たぶんDoraturaはStil de GrainでCremoneseはMadder Lakeでしょう。Koen Padding氏はマダーレーキを3種類用意していたようです。Rubia Tinktoriaの単純な赤の他に、暗い赤とオレンジ色があると考えられます。かなり強い発色のオレンジ色があると一連のカラーシリーズは作れます。
黄色の濃いものがオレンジ、その濃いものが赤という同系の色を重ねることで、透明性が高く明るい仕上がりとなります。
それに対し、マルチアナ・ココロホニウムの自然な飴色に紫を加えて重ね塗りする補色で深い色にする方法があります。
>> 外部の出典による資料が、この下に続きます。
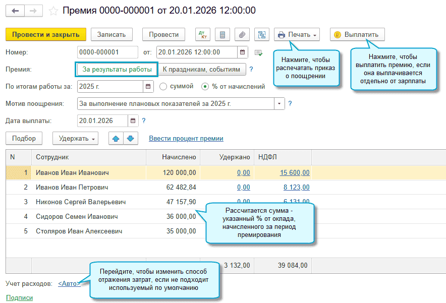 При начислении премии потребуется указать, какая премия выплачивается - за результаты работы или к празднику, период премирования, процент или сумму премии. Исходя из этих параметров премия за результаты работы потом учитывается в расчете среднего заработка.
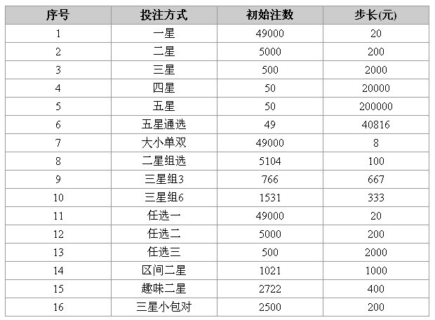 1、初始限制:初始注数是指当某种投注方式的销售额为零,每种投注方式下每注投注号码允许销售的最大投注注数。步长指销售注数增加一注,某种投注方式销售额需要增加的金额。具体设置如下表:
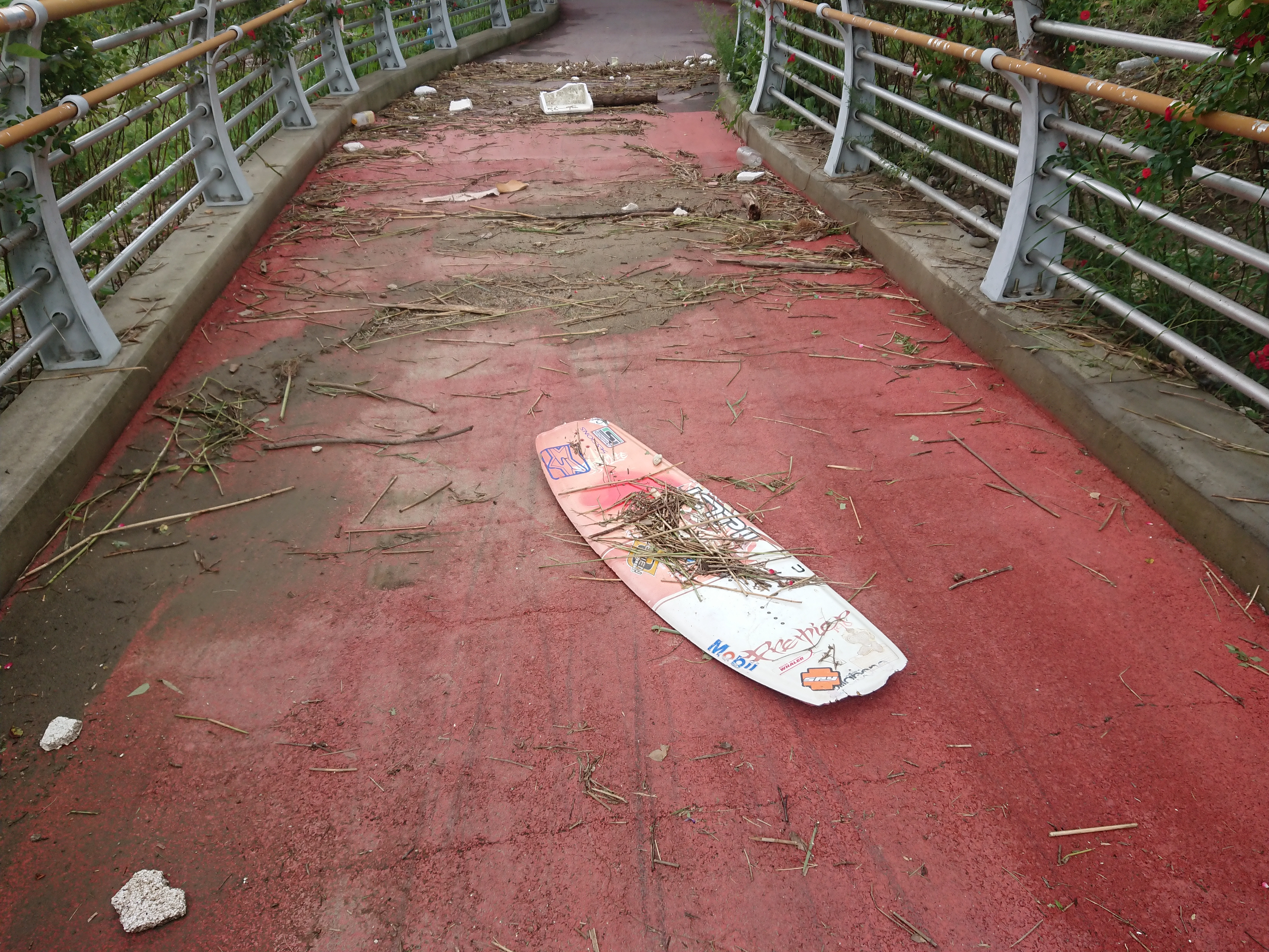 어제 본 그 서핑보드.. 큰크리트 위에 안착했네요.
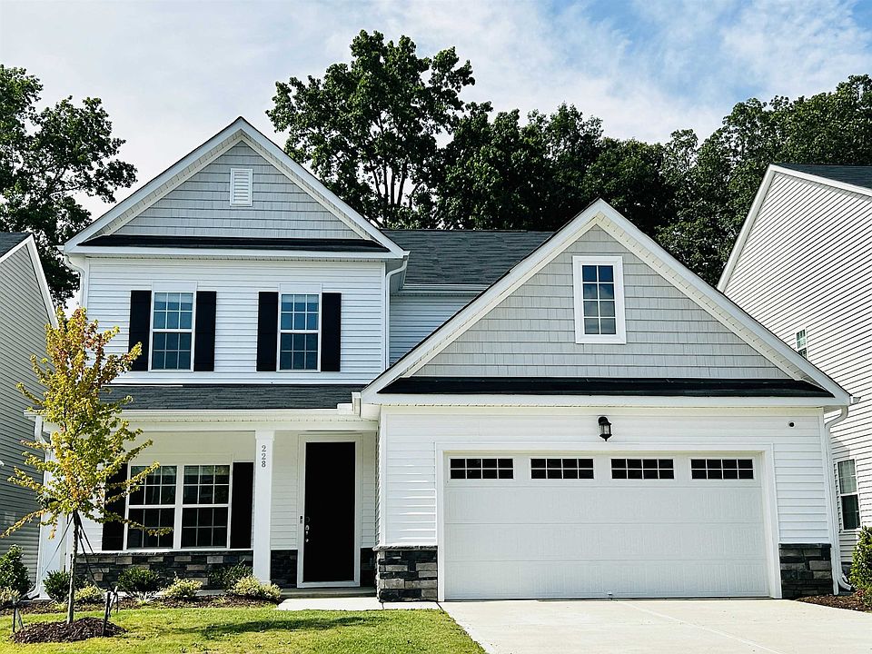 The one you have been waiting for in Wake County! This home is a stunning example of craftsman style architecture, built in 2021 with four spacious bedrooms and three full bathrooms. The main level features a bedroom and a full bath, perfect for guests or in-laws. The formal dining area, private office, and family room offer plenty of space for work and play. The kitchen is a chef's delight, with a gas cooktop, wall oven, and ample counter space. Upstairs, you'll find three more bedrooms and a loft that can be used as a gym, reading area, media room, or playroom. The primary bedroom greets you with tray ceiling, double vanity bathroom, a separate soaking tub, and walk-in closet. The home has 9ft ceilings throughout and a 2-car garage. The fenced backyard features a screened in porch, patio area and landscaped area including a few planter boxes. It's located in a great school district and has easy access to all of the Triangle. Walking distance to Carolina Charter School (lottery based). Don't miss this opportunity to own this beautiful home!
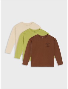 Sinsay - Päťbalenie tričiek 3 dlhým rukávom - béžová
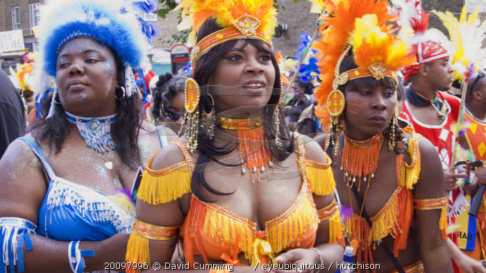 Nottinghill Carnival revellers in colourful costumes.Colorful European Great Britain Holidaymakers Londres Northern Europe Tourism Tourist UK United Kingdom British Isles Sightseeing Tourists
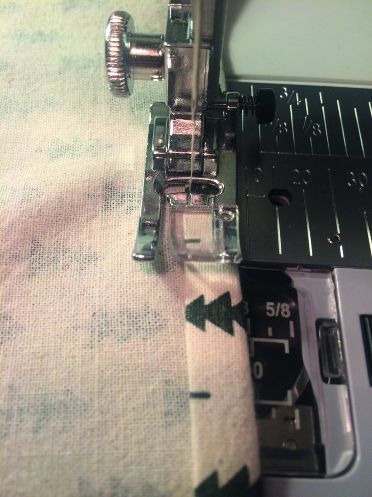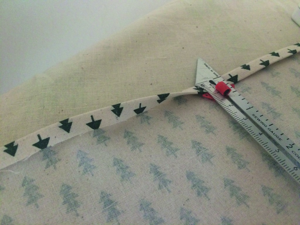 Exact seam allowance doesn’t really matter, the rule of thumb is that each fold should be the same amount. Here we’re working with a half inch or 1.25cm allowance.
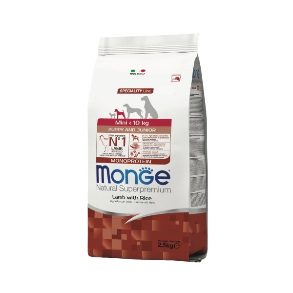 Monge superpremium mini-10 kg Puppy&Junior monoproteico agnello e riso KG 2.5
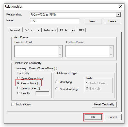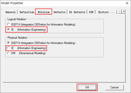 ERwin Data Modeler (5장의 테이블 명세서를 기반으로 ER 다이어그램을 작성한다. 사용하는 프로그램은 ERwin Data Modeler 이다. 설정 정보공학 표기법을 사용하기 위해 아래와 같은 방식으로 ERwin을 설정
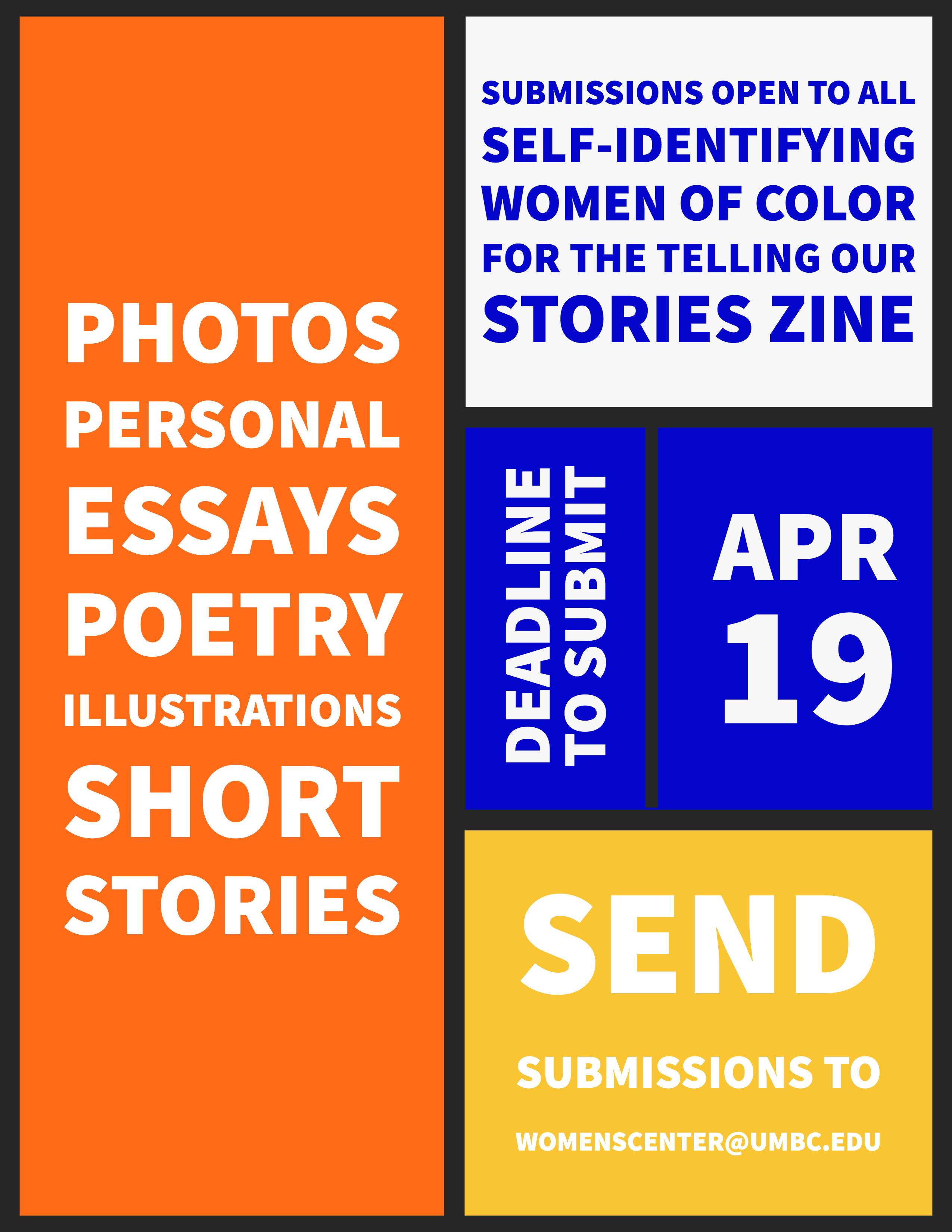 We are accepting photos, personal essays, poetry, illustrations, and short stories to be included in our published Telling Our Stories Zine! Please submit your creative work to womenscenter@umbc.edu. The deadline to submit is: April 26, 2019.
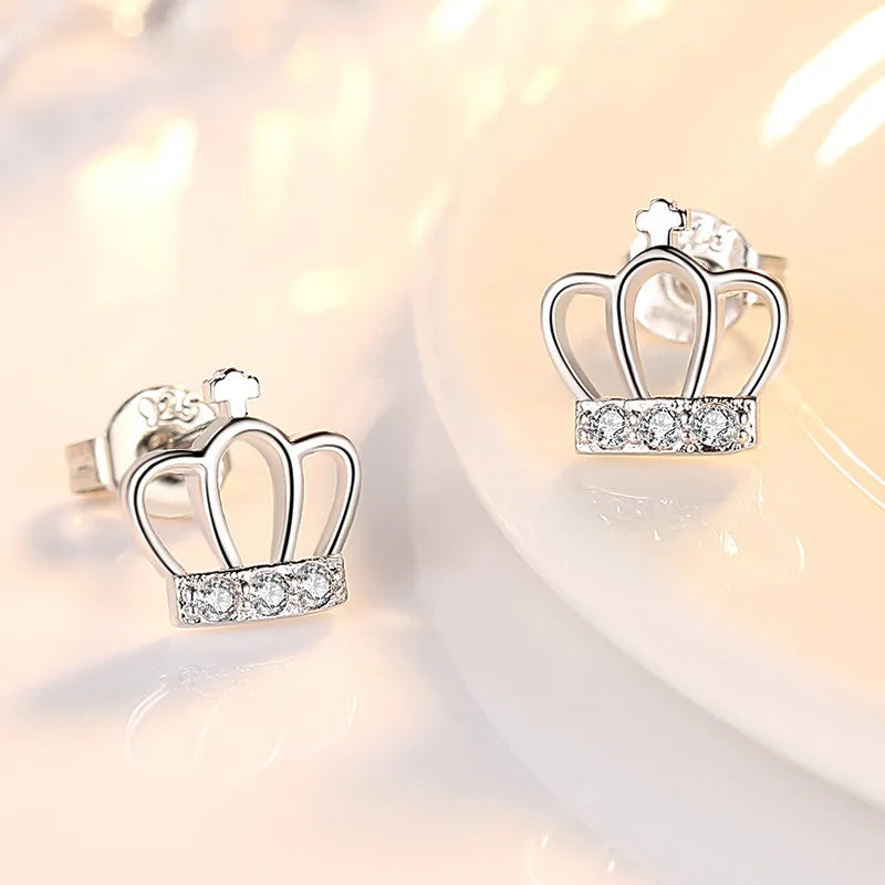 Fashion Crystal Zircon Crown Stud Earrings

応用としてはコチニールレーキ、コバルトブルーで調整することもできます。
Magisterと私の考えの違いはコバルト・マンガンシッカチフを乾燥促進剤として使用するかしないかというところです。弊社のオイルニスは紫外線硬化性だけで硬化します。
シッカチフ使用で「焼け」が起こり、色が暗くなることがあります。(本来空気酸化による硬化と紫外線硬化による硬化は反応自体が違います。)
2015-10-09 16:45

Lorenzo Marcucciの方法 マダーレーキ
鉱物顔料を製造する方法と化学分析論 エナメルとニスについて。ロレンツォ マルクッシから一部抜粋です。
この本は前に紹介しましたが、結構内容は多いと思います。
Lorenzo Marcucci, Saggio analitico-chimico sopra i colori minerali e
mezzi di procurarsi gli artefatti, gli smalti e le vernici, 2nd edn, Rome, 1816
Lacca rossa di Rubbia

赤い茜色の塗料。これは、その根の媒染で行われ、フランス語では"Laquale"と呼び、ドイツ語では"Krappwurzel"と呼びます。茜のチンクトリアは、同じものが多くの地域に根付きましたが最高のものはニュージーランド産です。この塗料の製造方法は、非常に大規模な陶製容器に15ポンド(5086g)の水を入れます。ニュージーランド産の茜1ポンド(339g)を沸騰させ、液体が12ポンド(4068g)になったら、強い布によって濾過します。8オンス(226.05g)の明礬を他の容器に溶かします。二つの液体を残さず混合します。炭酸カリウム塩3オンス(84.77g)を1ポンド(339,07g)の別の容器の中に溶かします。
ここで、炭酸カリウム塩の投入は、即座に泡を伴い沈殿を形成します。後で沈殿物をろ布の上に濾過して取り出す必要があります。泡を除去するため沈殿の表面にぬるま湯を注いで洗います。そして日陰で乾燥させます。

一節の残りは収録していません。